14. The method of claim 13, wherein the hardened case region having a depth up to about 0.090 inches.

15. The method of claim 14, wherein said subjecting to carburizing occurs at a carburizing temperature above ambient temperature, and wherein the carburizing temperature is below the melting point of the nickel plating.

16. The method of claim 15, wherein the nickel plating is a deposition alloy of about 96 to about 98 nickel and about 2 to 4 percent phosphorous by weight percent, and wherein the carburizing is a vacuum carburizing.

17. The method of claim 13, which includes changing the carbide structure within the hardened case region by adjusting the thickness of said plating.

18. The method of claim 13, wherein said plating includes selecting the thickness of the nickel material to select the carbide formation in the case region.

19. The method of claim 13, which further includes controlling the thickness in said plating to control the formation of carbides in the case region.

20. A method comprising:
(a) applying an electroless nickel plating to a surface of a stainless steel object, wherein said applying deposits the nickel plating having a thickness within a range of about 0.0005 inches to about 0.0025 inches;
(b) placing the object within a mechanical housing;
(c) evacuating the environment within the mechanical housing to a subatmospheric pressure;

(d) heating the object within the mechanical housing to a carburizing temperature to carry out carburizing of the object;
(e) introducing a carburizing gas into the mechanical housing for a first period of time;
(f) drawing a vacuum within the mechanical housing for a second period of time;
(g) repeating acts (c)- (f) a plurality of times;
(h) removing the nickel plating after said repeating and prior to hardening the stainless steel object;
which further includes annealing the object after act (g) and prior to act (h);
which further includes hardening the object after said annealing, wherein the steel object has a hardened case region with a hardness of at least Rc 50 at a depth greater than or equal to about 0.012 inches;
which further includes cooling the object to a temperature below room temperature after said hardening;
which further includes tempering the object after said cooling; and which further includes the introducing the carburizing gas after act (a).

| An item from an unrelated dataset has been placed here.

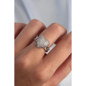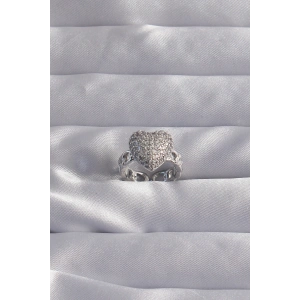 Pirinç Ayarlamalı Gümüş Renk Zirkon Taşlı Bombeli Kalp Yüzük

21. The method of claim 20, which further includes a post carburizing passive diffusion act after said repeating to enable the carbon atoms to diffuse further into the object.

22. The method of claim 21, wherein said drawing commences upon the beginning of said introducing act.

23. The method of claim 20, wherein the depth is up to about 0.090 inches.

24. A method comprising:
(a) applying an electroless nickel plating to a surface of a stainless steel object;
(b) placing the object within a mechanical housing;
(c) evacuating the environment within the mechanical housing to a subatmospheric pressure;
(d) heating the object within the mechanical housing to a carburizing temperature within a range of about 1600° F to about 1700° F to carry out carburizing of the object;
(e) introducing a carburizing gas into the mechanical housing for a first period of time; and (f) drawing a vacuum within the mechanical housing for a second period of time;

(g) repeating acts (c) - (f) a plurality of times; and wherein said applying deposits a uniform nickel coating having a thickness within a range of about 0.0005 inches to about 0.0025 inches;
wherein said evacuating to a sub-atmospheric of about 1 torr;
wherein in said introducing the first period of time is about one minute;
wherein in said drawing the second period of time is about four minutes, and wherein said second period of time commences when said introducing begins;
wherein said repeating occurs for 520 minutes.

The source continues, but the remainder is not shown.